■ **Required work**: The copy must hold every line from the one with "雞腿焦香軟嫩 配上酸辣的泰式風味沾醬" through the end of the listing, word for word, and must hold no pictures.

■ **Available data**:
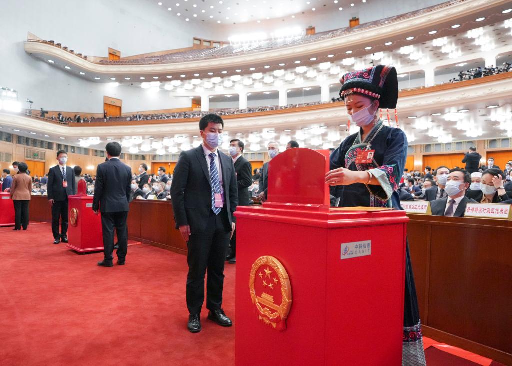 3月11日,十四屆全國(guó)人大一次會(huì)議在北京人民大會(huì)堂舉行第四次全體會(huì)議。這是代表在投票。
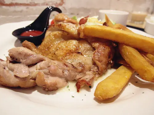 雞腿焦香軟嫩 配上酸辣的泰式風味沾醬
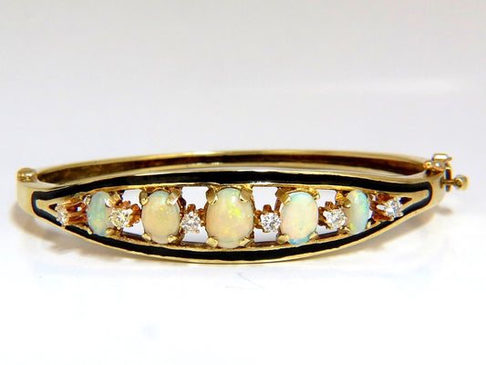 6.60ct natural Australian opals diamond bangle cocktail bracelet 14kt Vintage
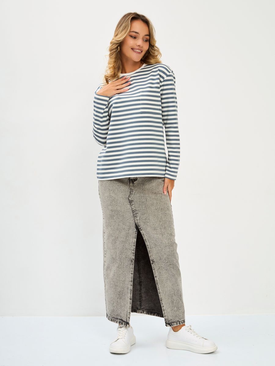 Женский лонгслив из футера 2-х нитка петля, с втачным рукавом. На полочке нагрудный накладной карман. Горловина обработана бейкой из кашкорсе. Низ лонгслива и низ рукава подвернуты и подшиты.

■ **Reply**:
 雞腿焦香軟嫩 配上酸辣的泰式風味沾醬
 6.60ct natural Australian opals diamond bangle cocktail bracelet 14kt Vintage
 Женский лонгслив из футера 2-х нитка петля, с втачным рукавом. На полочке нагрудный накладной карман. Горловина обработана бейкой из кашкорсе. Низ лонгслива и низ рукава подвернуты и подшиты.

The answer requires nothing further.